The iteration stops when one of the lists runs out of values; in this case, `list-index` returns `#f`.

```(list-index even? '(3 1 4 1 5 9))
⇒ 2

(list-index < '(3 1 4 1 5 9 2 5 6) '(2 7 1 8 2))
⇒ 1

(list-index = '(3 1 4 1 5 9 2 5 6) '(2 7 1 8 2))
⇒ #f
```
Function: position obj ell
Function: position/stx obj ell

Return the index of the leftmost obj in ell. If obj is not present in ell, return `#f`.

Function: member* obj ell
Function: member* obj ell item=

Return the first sublist of ell whose car is obj, where the sublists of ell are the non–empty lists returned by ```(drop ell i)``` for i less than the length of ell. If obj does not occur in ell, then `#f` is returned.

Examples:

```(member* '(a) '(b (a) c))
⇒ ((a) c)
```

`member*` extends the R6RS definition of `member` to allow the client to pass in an optional equality procedure item= used to compare keys. item= defaults to `equal?`.

The comparison procedure is used to compare the elements Ei of list to the key obj in this way:

```(= x ei) ; list is (E1 ... En)
```

that is, the first argument is always obj, and the second argument is one of the list elements. Thus one can reliably find the first element of list that is greater than five with:

```(member* 5 ell <)
```

Note that fully general list searching may be performed with the `find-tail` and `find` procedures.

Function: find-tail pred circ

Return the first pair of circ whose car satisfies pred. If no pair does, return `#f`. `find-tail` can be viewed as a general–predicate variant of the `member*` function.

Examples:

```(find-tail even? '(3 1 37 -8 -5 0 0))
⇒ (-8 -5 0 0)

(find-tail even? '(3 1 37 -5))
⇒ #f
```

In the circular–list case, this procedure “rotates” the list.

`find-tail` is essentially `drop-while`, where the sense of the predicate is inverted: `find-tail` searches until it finds an element satisfying the predicate; `drop-while` searches until it finds an element that doesn’t satisfy the predicate.
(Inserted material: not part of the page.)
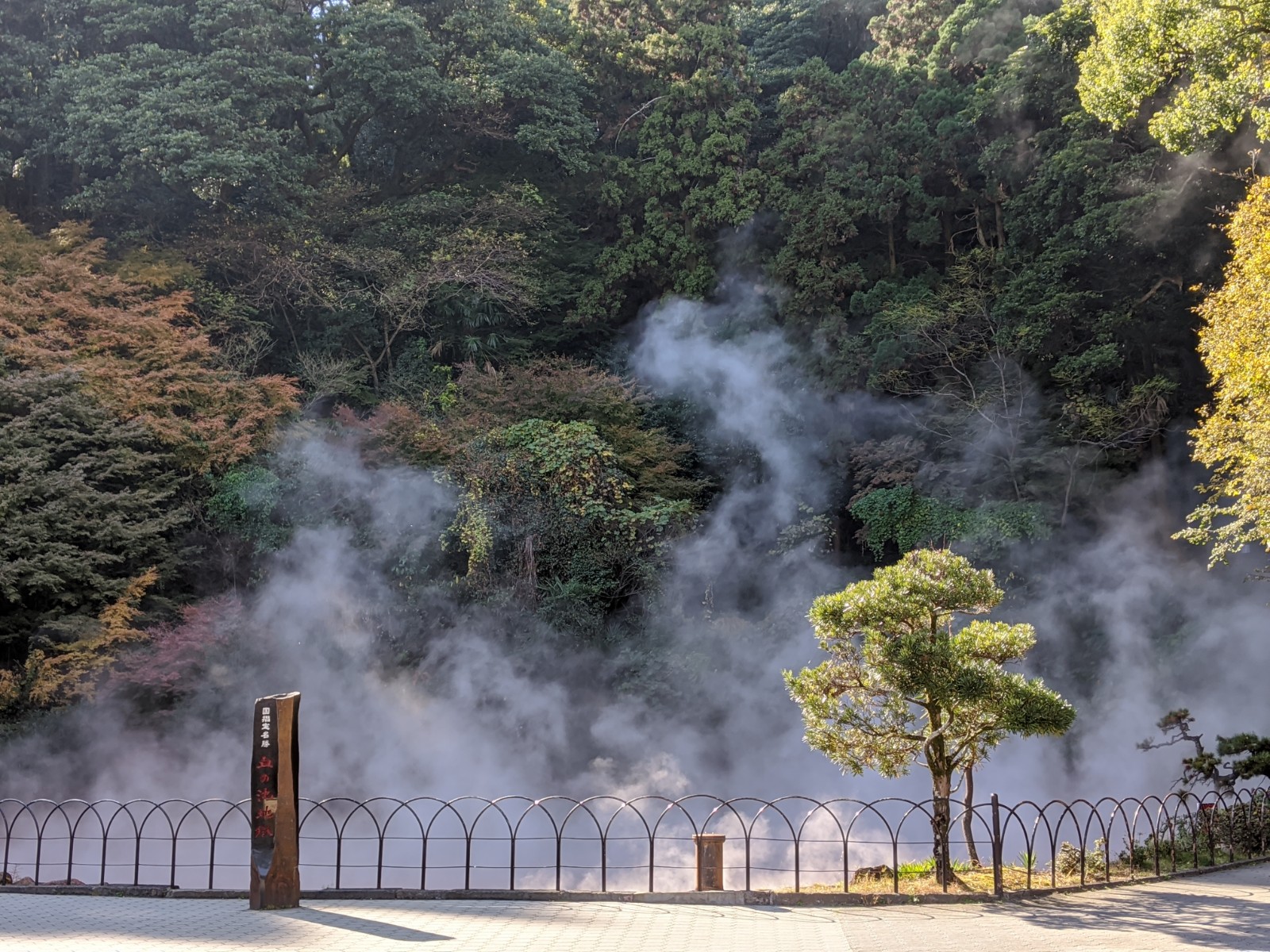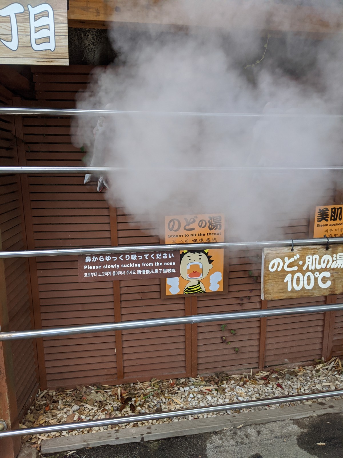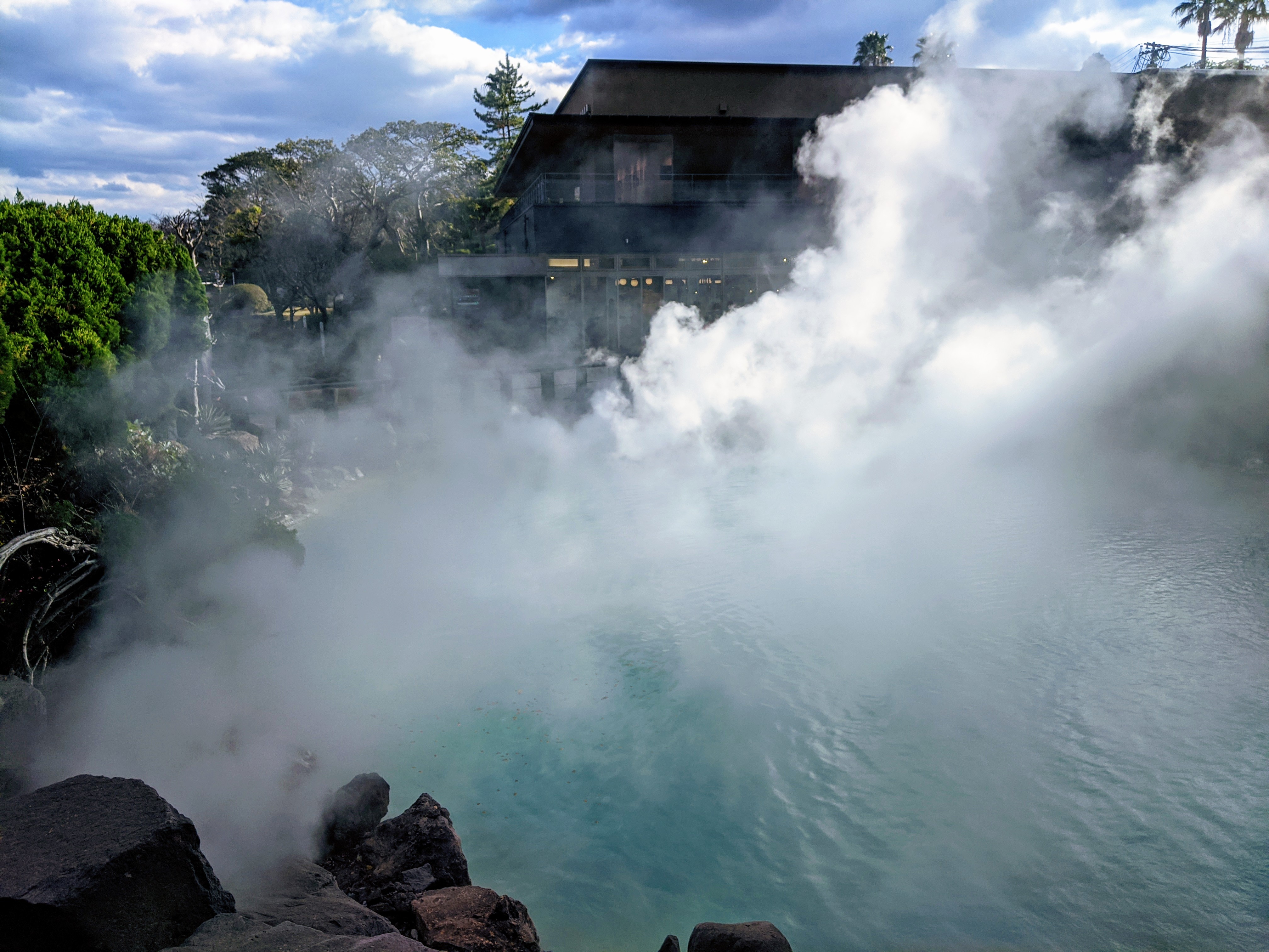 Je tenais beaucoup à cette destination, car clairement un des gros objectifs de ce voyage était de se faire de somptueux onsen ! La ville est connue pour son Jigoku Meguri (= tour des enfers), rien qu’au nom ça donne envie n’est-ce-pas ? La ville est en fait composée de nombreuses sources d’eau chaudes qui émanent de la fumée et une bonne odeur de souffre ! Nombreuses de ces sources sont tellement chaudes qu’on ne peut pas s’y baigner, mais les locaux cuisinent avec, c’est le cas du Jigoku Meguri qui est composé de 7 sources chaudes avoisinant les 100°C !

NOTE The `find` function defined by R6RS has an ambiguity in its lookup semantics: if `find` returns `#f`, we cannot tell (in general) if it found a `#f` element that satisfied pred, or if it did not find any element at all.

In many situations, this ambiguity cannot arise: either the list being searched is known not to contain any `#f` elements, or the list is guaranteed to have an element satisfying pred.

However, in cases where this ambiguity can arise, we should use `find-tail` instead of `find`, `find-tail` has no such ambiguity.